### EXERCISE
Given these entries, repeat exactly the lines starting with the one that has "羊毛混纺 保暖长袖 柔软保暖 男士 羊毛衫 梦特娇2025秋冬新品" and going on through the one that has "Renskavsgryta med skogschampinjoner", both included, but none of the pictures.

### SUPPLIED INFORMATION
Content starts
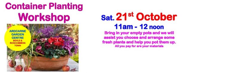 If your summer pots look a little tired right now, we have just the answer! Next Saturday morning we have a FREE Container Planting Workshop at both Ardcarne Garden Centre Boyle & Roscommon Town. Simply bring in your empty containers and we'll show you how to plant them up, using a selection of fantastic plants that will bring colour until spring.
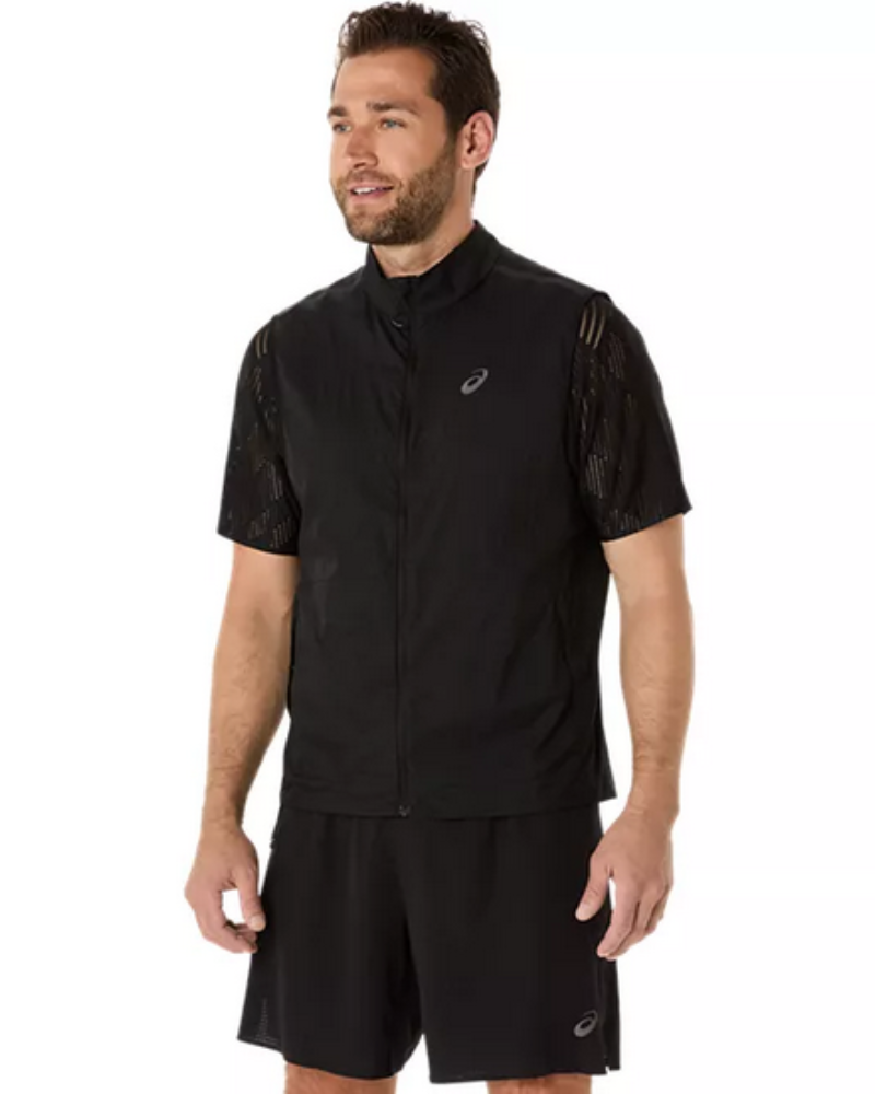 Pánská vesta ASICS METARUN PACKABLE GILET - vytvořeno na běžecké dny, kdy se nemůžete spolehnout na počasí. Tuto sbalitelnou vestu lze během běhu snadno vyjmout a sbalit do zadní kapsy. Prémiová lehká tkanina tohoto oděvu pomáhá chránit před chladem a větrem.
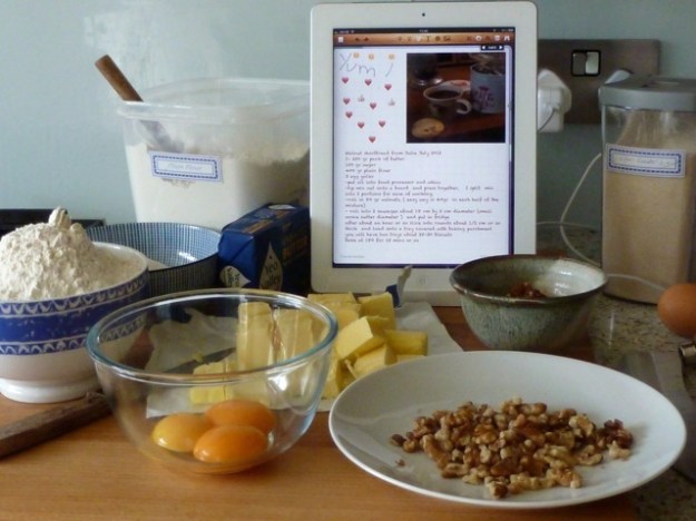 I just had a googly look for the original and found a BBC Good Food recipe for rosemary and walnut shortbread, does that ring a bell? I hope they don’t mind – googling walnut shortbread threw up dozens of recipes, from Delia to Hairy Bikers to bloggers galore. I like your version of this recipe because it is short and easy and makes scrumptious biscuits that don’t spread and have nice smart edges and you sent them to me in the post when I needed biscuit comfort xxx
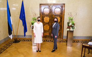 Välisminister Urmas Reinsalu kutsel Eestis visiidil viibiv Svjatlana Tsihhanovskaja sai ministrilt vapruse eest välisministeeriumi teeneteristi.
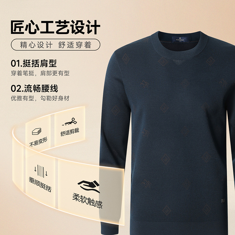 羊毛混纺 保暖长袖 柔软保暖 男士 羊毛衫 梦特娇2025秋冬新品
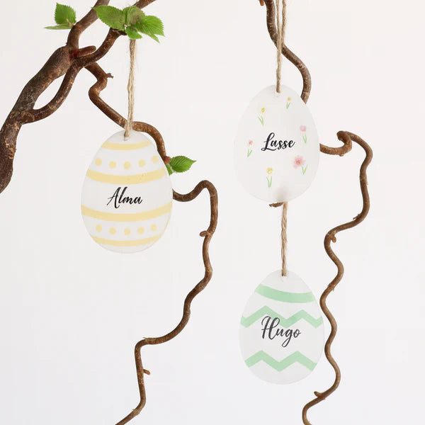 Vi har gjort dessa påskägg med personligt namn eller text, som kan användas år efter år – och de blir en vacker dekoration i alla hem!
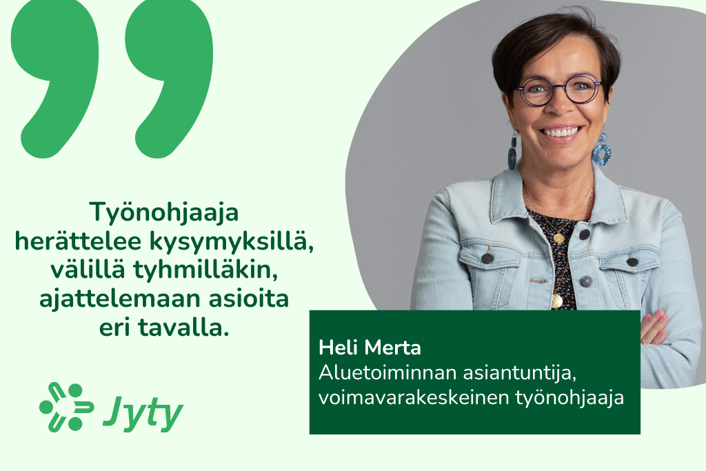 Työnohjaaja ei anna neuvoja tai ratkaise ongelmia, vaan herättelee kysymyksillä, välillä tyhmilläkin, ajattelemaan asioita eri tavalla.
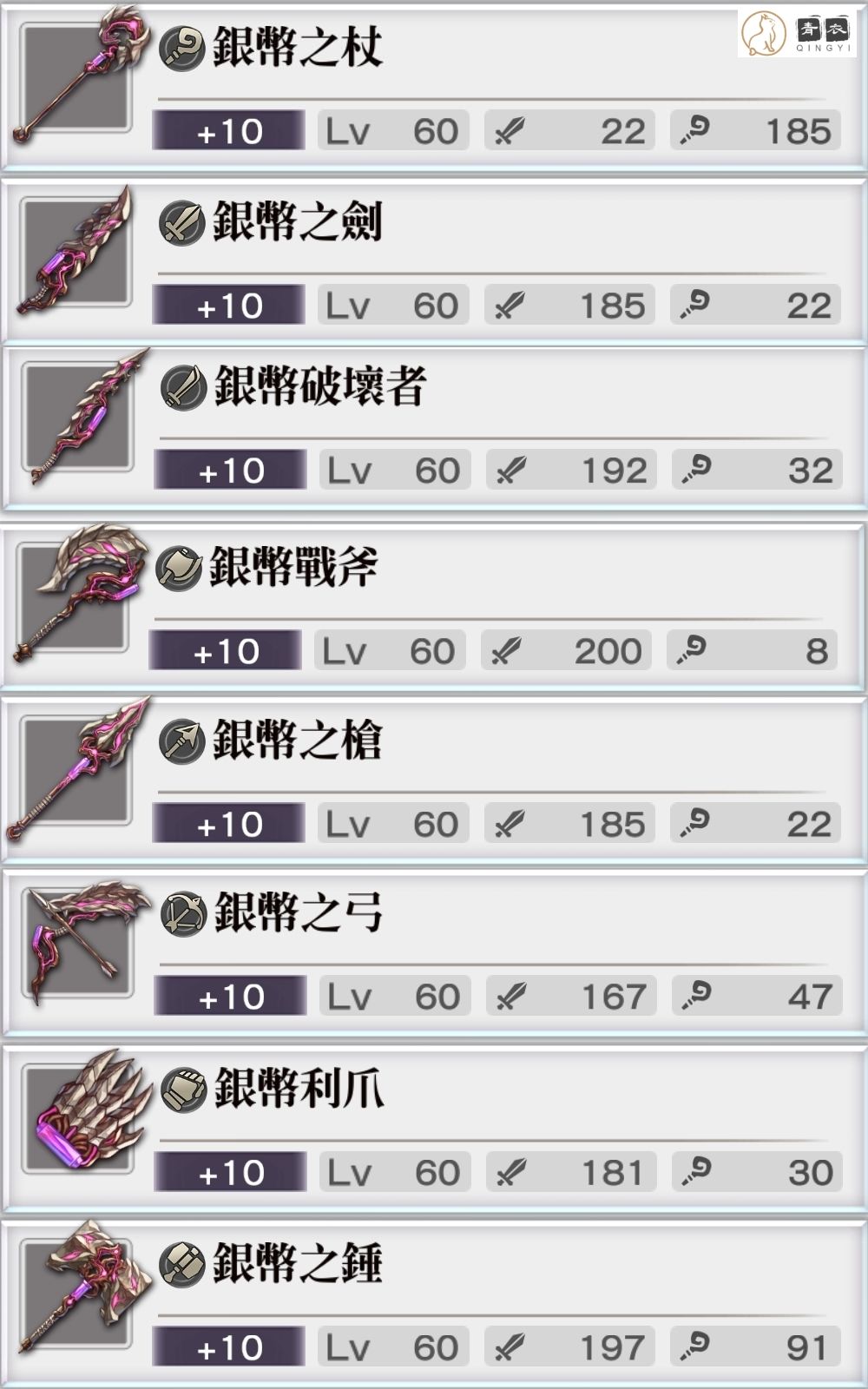 🔹武器属性:【银币系列武器,可强化至+10】以剑为例:
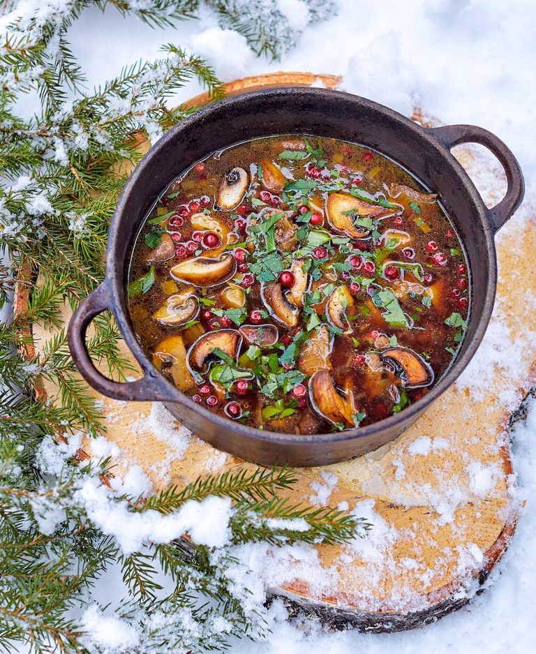 Renskavsgryta med skogschampinjoner och lingon
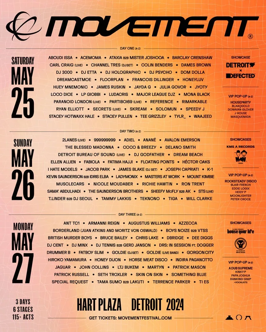 Movement Festival se desarrollará en la ciudad de Detroit el próximo 25, 26 y 27 de mayo del presente año, un fin de semana memorial en el Hart Plaza, esto es lo que debes tener en cuenta para poder asistir:
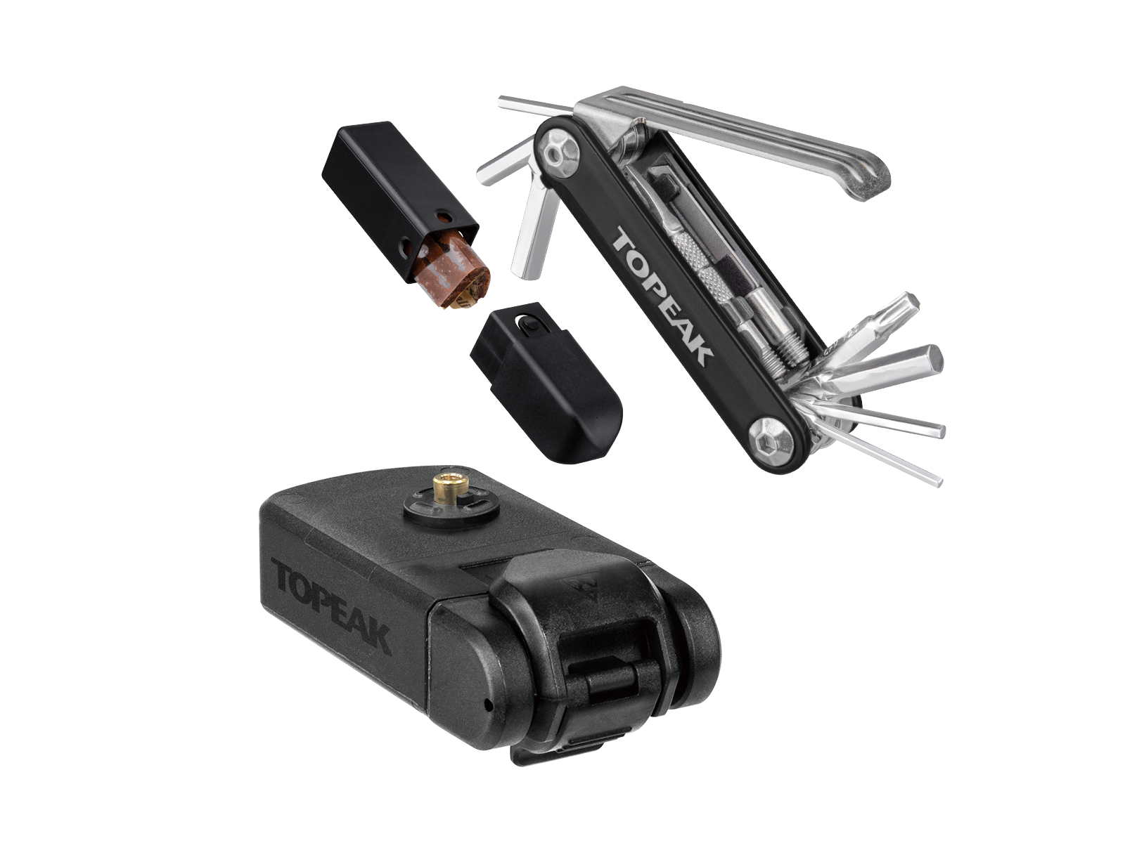 Si monta sotto il portaborraccia Ninja con il supporto per gabbia intercambiabile o si utilizza da solo con il supporto per telaio.   Questa cassetta degli attrezzi resistente alle intemperie contiene un mini strumento per la riparazione di pneumatici tubeless da 11 funzioni e una custodia PlugBox con 5 pezzi di tappi da 3,5 mm x 5 cm per la riparazione di pneumatici e la manutenzione di bici da strada o da pista.
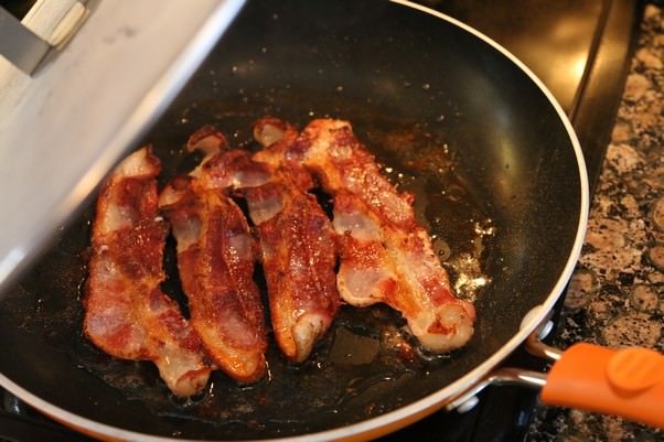1. Start by frying your bacon in a pan. Leave it to sizzle and get nice and browned on the one side.
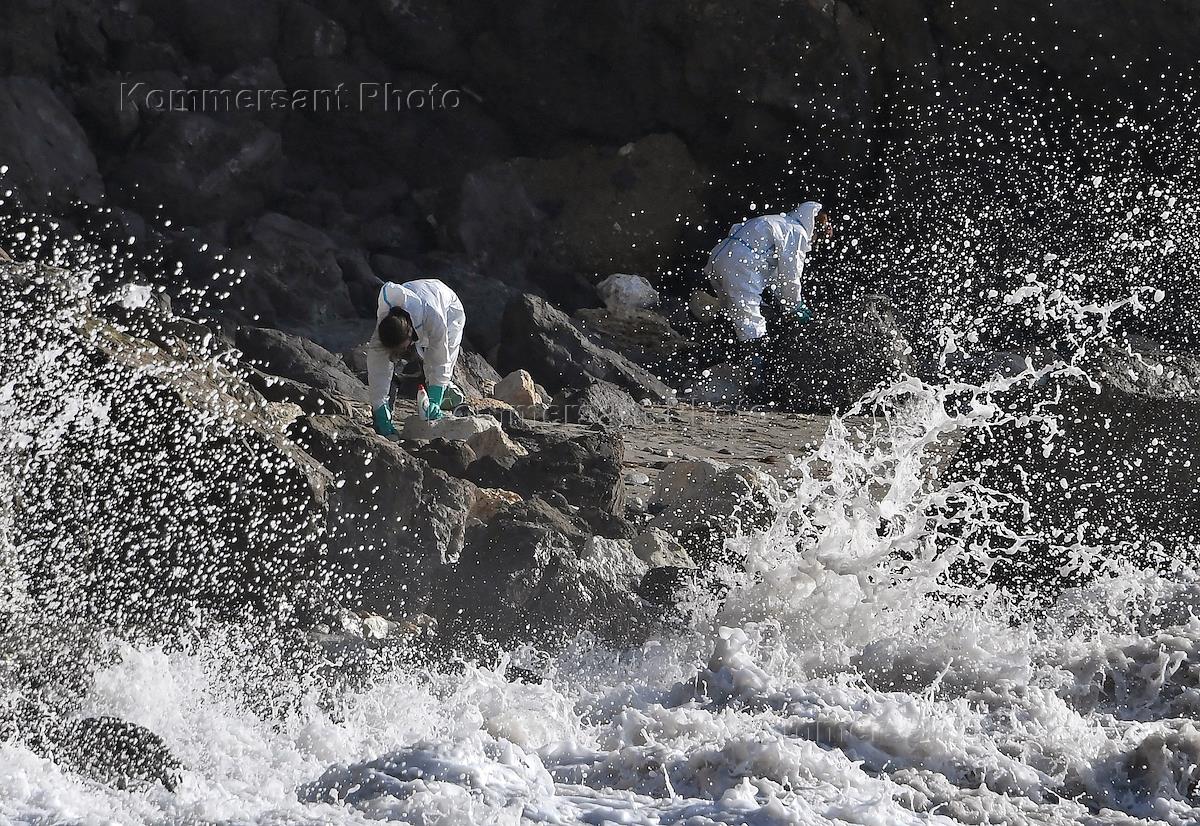 Elimination of the consequences of an oil spill due to the disaster of two Volgoneft tankers in the Kerch Strait on the afternoon of December 15, 2024. Work to clean up the coast of Sevastopol contaminated with fuel oil. Volunteers and local residents work on the Tsarskoye Selo beach at Cape Fiolent.
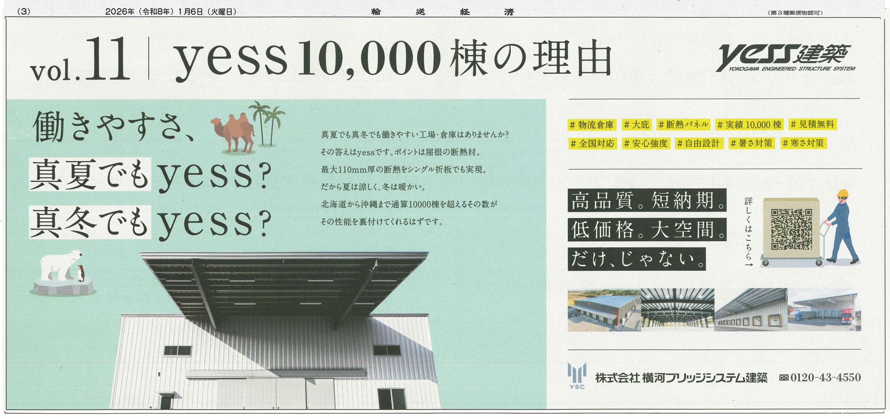 専門紙「輸送経済新聞」に横河システム建築の広告が掲載されました
Content ends
### TASK ANSWER
 羊毛混纺 保暖长袖 柔软保暖 男士 羊毛衫 梦特娇2025秋冬新品
 Vi har gjort dessa påskägg med personligt namn eller text, som kan användas år efter år – och de blir en vacker dekoration i alla hem!
 Työnohjaaja ei anna neuvoja tai ratkaise ongelmia, vaan herättelee kysymyksillä, välillä tyhmilläkin, ajattelemaan asioita eri tavalla.
 🔹武器属性:【银币系列武器,可强化至+10】以剑为例:
 Renskavsgryta med skogschampinjoner och lingon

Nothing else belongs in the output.